5 minute read
Turning a Love of Sports Into a Broadcasting Career
Turning a Love of Sports Into a Broadcasting Career PAYTON FU '14
It’s almost 1:00 a.m. on a Monday in China, and Payton Fu ’14 downs a coffee and adjusts his tie. Fu is in a Beijing television studio about to go on camera to call back-to-back National Football League (NFL) games as a play-by-play sports television announcer for NFL China and Tencent, the Chinese media/ tech company.
It’s a tough gig because of the hour — but it’s also a dream come true for Fu, a diehard sports fan, who participated in basketball, cross-country, track and lacrosse at Masters. He also helped run the Football Club on campus, which meant organizing flag/touch football games and Super Bowl watch parties. “I was known as the guy who would stay in and watch games, while others would go to the city,” he said. “I even missed prom because of this, so safe to say I was hardcore.”
His allegiance to athletics continued at the University of Richmond, where he majored in film and played on both the intramural and club basketball teams. As an intramural captain whose team went to the playoffs three years in a row, he fondly remembers one game-winner: “One guy tried to foul me, but the ref didn’t blow the whistle. I drove down to the baseline, did a pump fake to get a defender out of position and knocked down the shot. One of the best feelings I’ve had on court.”
Off the court, he pursued his passion for music at WDCE, the college radio station, where he worked as a DJ playing extreme metal and punk music and interviewing bands. “It was fun to be on air and play music I liked,” he shared.
For the kid who wanted to be called Payton in middle school because of his admiration for former professional basketball star Gary Payton, working behind a mic in college gave him his first taste of what was to come.
LEFT: Fu, right, has taken his passion for sports to the small screen as a sports television announcer.
BELOW: On Chinese New Year's Eve, Fu, right, was on camera calling the NFC Championship game between the San Francisco 49ers and the Los Angeles Rams. After college, Fu returned home to China to seize an opportunity to volunteer for the 2019 FIBA Basketball World Cup. “That kick-started my sports career in general,” he explained. “I didn't know the organization and business part behind sporting events. I just had a lot of energy and passion, and wanted to contribute to the greatest international basketball competition outside the Olympics.”
The experience proved to be a major career turning point for Fu: “Even as a volunteer, I did a lot of work above and beyond my status, which helped me learn tremendously behind the scenes, and see how the whole spectacle worked.”
Though the pandemic shut everything down in 2020, Fu’s diligence and perseverance paid off. When Tencent was looking to hire more announcers for both football and basketball, Fu put together some practice material and landed an audition. He did enough to impress the director, and the rest, as they say, is history. “I have now called two seasons’ worth of games,” Fu said. That coverage includes AFC (American Football Conference) and NFC (National Football Conference) Championship games and he was an on-camera strategic analyst for the Super Bowl. The NFC Championship game when the San Francisco 49ers faced the Los Angeles Rams was memorable. “The game was on Chinese New Year’s Eve and we had to wear traditional Chinese jackets, or tangzhuang, on camera,” Fu recalled. As a big 49ers fan, he said, “Calling my favorite team’s game on New Year’s Eve, that was special for me.”
Beyond adjusting to time zone differences, the job involves prep work and research throughout the week leading up to game day. During some games, he was required to stay in the studio to do even more: pre-game talk, a halftime report, between-quarter analysis and a post-game summary. “I’d spend four to six hours doing the research the day before sometimes just to enhance my knowledge,” he explained. “I’d also write my own game reviews and sync them on multiple platforms, so that takes time as well.”

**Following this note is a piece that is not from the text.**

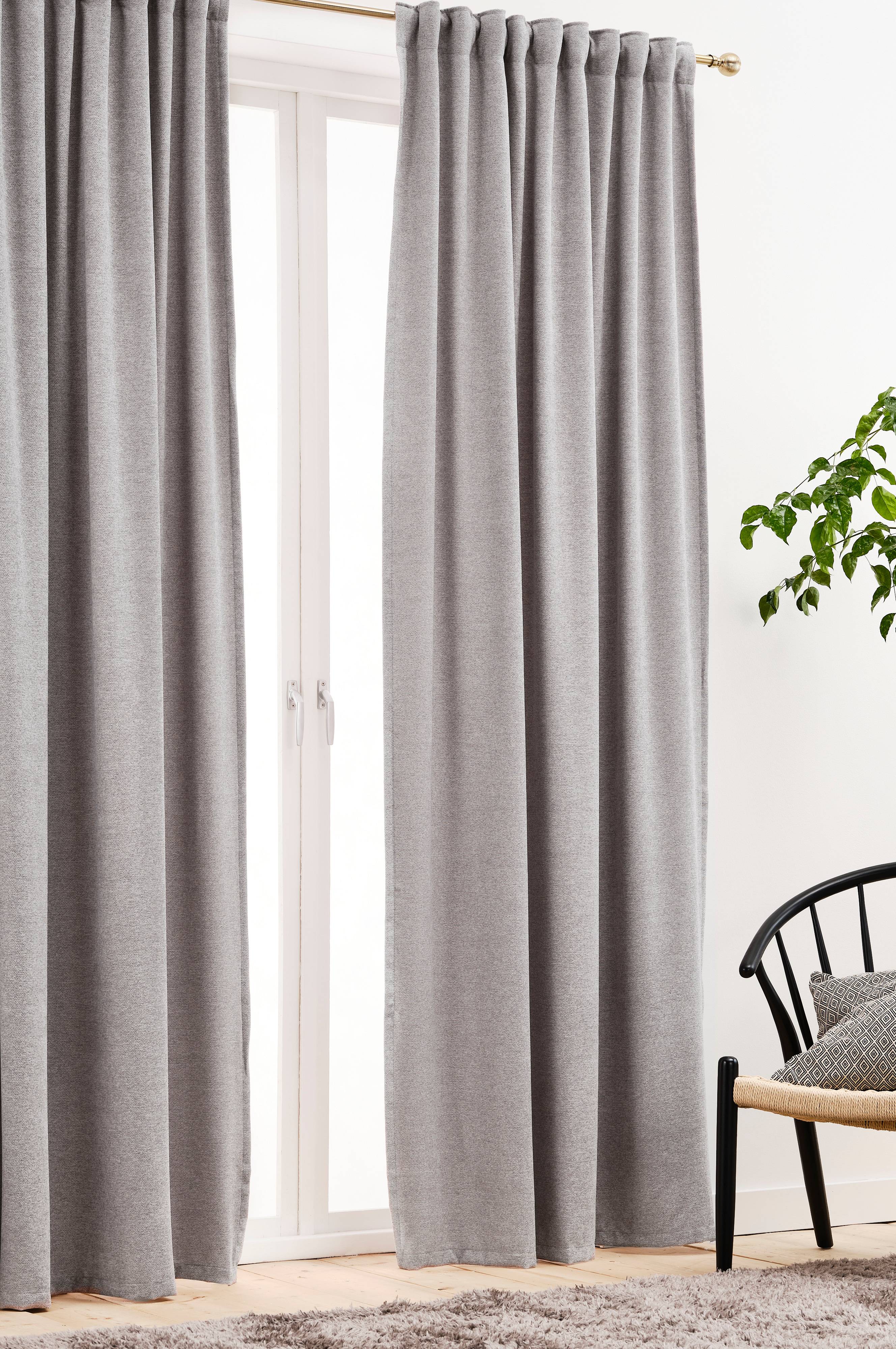 2-pack gardinlängder med fin struktur i borstad chenille. Med påsytt multifunktionsband. Gardinen kan hängas upp med fingerkrokar, kanal samt dold hälla.

Around 8:00 a.m. when he’s done with his on-air work, he heads to his other job as content operator at ECO Sports, a Chinese sports media platform. “It’s not easy to make the schedule work, but again if you love what you do, you find a way,” he said.
Someone who has cheered him from afar and witnessed his journey in real time is Fu's former teacher, John Chiodo, Masters’ director of innovation, engineering and computer science, whom Fu calls “a father figure.” “Payton has always been passionate about sports; in fact, on his first day on Masters’ campus, I remember we spent much of the day talking about basketball.”

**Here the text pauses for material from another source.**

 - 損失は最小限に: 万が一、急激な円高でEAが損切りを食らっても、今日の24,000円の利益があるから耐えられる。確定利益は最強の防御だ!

As Fu tackles his future in sports broadcasting, his family has been nothing but supportive and are, he said, “making an effort to learn more about the sports industry and American football.” He calls his four years at Masters “some of the happiest of my life”: from great English and history Harkness discussions to the close-knit JV boys basketball team with its 14-8 record his junior year and the Great Gig salute to Pink Floyd’s “The Dark Side of the Moon.”
Fu has even been known to sport his purple Masters tie on the air. “Do it with thy might, and I wear it with pride,” he said. “For a long time, my passion in sports was compartmentalized, and I wasn't really driven to do something with it. The transition happened when I understood that passion goes beyond personal enjoyment, and I feel very grateful and lucky that I get to do something I love.”